Extracted data entries

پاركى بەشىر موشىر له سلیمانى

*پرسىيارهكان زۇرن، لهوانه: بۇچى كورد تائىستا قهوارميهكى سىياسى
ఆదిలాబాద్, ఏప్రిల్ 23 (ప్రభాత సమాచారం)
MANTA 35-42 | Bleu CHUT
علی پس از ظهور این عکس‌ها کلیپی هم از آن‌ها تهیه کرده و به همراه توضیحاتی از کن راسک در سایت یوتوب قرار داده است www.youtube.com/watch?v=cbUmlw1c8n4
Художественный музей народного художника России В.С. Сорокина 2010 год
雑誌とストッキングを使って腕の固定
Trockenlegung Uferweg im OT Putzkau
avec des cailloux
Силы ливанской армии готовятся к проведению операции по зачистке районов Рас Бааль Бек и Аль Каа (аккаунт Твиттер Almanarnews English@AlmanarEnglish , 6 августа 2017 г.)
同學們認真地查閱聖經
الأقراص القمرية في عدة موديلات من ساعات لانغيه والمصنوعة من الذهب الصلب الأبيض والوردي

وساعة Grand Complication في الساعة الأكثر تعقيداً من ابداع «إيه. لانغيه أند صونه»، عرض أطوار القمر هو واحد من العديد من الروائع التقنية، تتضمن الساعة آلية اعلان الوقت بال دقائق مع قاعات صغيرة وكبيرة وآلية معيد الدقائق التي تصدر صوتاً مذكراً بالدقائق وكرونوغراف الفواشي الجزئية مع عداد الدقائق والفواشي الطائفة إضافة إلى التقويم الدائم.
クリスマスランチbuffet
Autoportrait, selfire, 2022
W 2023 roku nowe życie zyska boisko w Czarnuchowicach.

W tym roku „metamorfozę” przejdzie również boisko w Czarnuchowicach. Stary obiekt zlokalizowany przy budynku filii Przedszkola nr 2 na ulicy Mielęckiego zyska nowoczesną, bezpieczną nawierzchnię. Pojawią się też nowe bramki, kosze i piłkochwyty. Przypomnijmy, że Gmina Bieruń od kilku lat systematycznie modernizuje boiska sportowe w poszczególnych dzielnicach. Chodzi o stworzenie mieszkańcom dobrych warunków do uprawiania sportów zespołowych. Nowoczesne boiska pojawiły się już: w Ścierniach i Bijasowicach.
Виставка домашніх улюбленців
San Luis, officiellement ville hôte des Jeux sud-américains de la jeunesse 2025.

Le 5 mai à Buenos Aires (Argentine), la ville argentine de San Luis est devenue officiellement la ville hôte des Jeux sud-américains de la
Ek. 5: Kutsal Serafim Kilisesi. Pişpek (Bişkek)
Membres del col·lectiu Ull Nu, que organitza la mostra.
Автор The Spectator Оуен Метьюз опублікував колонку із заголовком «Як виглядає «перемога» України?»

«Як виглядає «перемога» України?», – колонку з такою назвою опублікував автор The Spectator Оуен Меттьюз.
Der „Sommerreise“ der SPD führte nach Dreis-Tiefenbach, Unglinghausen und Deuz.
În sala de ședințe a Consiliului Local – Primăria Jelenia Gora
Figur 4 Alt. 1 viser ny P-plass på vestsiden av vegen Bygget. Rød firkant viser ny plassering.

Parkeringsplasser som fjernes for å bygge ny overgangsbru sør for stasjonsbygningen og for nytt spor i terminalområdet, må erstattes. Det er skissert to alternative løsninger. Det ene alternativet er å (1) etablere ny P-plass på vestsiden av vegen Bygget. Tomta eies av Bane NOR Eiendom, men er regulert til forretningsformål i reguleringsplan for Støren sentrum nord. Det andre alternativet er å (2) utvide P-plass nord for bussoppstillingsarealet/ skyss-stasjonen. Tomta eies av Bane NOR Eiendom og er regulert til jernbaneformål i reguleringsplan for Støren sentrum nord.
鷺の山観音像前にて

* **Task statement**: From the records above, reproduce exactly the lines from the one with "avec des cailloux" to the one with "Ścierniach i Bijasowicach.", both included, and no others.

* **Answer for the task**:
avec des cailloux
Силы ливанской армии готовятся к проведению операции по зачистке районов Рас Бааль Бек и Аль Каа (аккаунт Твиттер Almanarnews English@AlmanarEnglish , 6 августа 2017 г.)
同學們認真地查閱聖經
الأقراص القمرية في عدة موديلات من ساعات لانغيه والمصنوعة من الذهب الصلب الأبيض والوردي

وساعة Grand Complication في الساعة الأكثر تعقيداً من ابداع «إيه. لانغيه أند صونه»، عرض أطوار القمر هو واحد من العديد من الروائع التقنية، تتضمن الساعة آلية اعلان الوقت بال دقائق مع قاعات صغيرة وكبيرة وآلية معيد الدقائق التي تصدر صوتاً مذكراً بالدقائق وكرونوغراف الفواشي الجزئية مع عداد الدقائق والفواشي الطائفة إضافة إلى التقويم الدائم.
クリスマスランチbuffet
Autoportrait, selfire, 2022
W 2023 roku nowe życie zyska boisko w Czarnuchowicach.

W tym roku „metamorfozę” przejdzie również boisko w Czarnuchowicach. Stary obiekt zlokalizowany przy budynku filii Przedszkola nr 2 na ulicy Mielęckiego zyska nowoczesną, bezpieczną nawierzchnię. Pojawią się też nowe bramki, kosze i piłkochwyty. Przypomnijmy, że Gmina Bieruń od kilku lat systematycznie modernizuje boiska sportowe w poszczególnych dzielnicach. Chodzi o stworzenie mieszkańcom dobrych warunków do uprawiania sportów zespołowych. Nowoczesne boiska pojawiły się już: w Ścierniach i Bijasowicach.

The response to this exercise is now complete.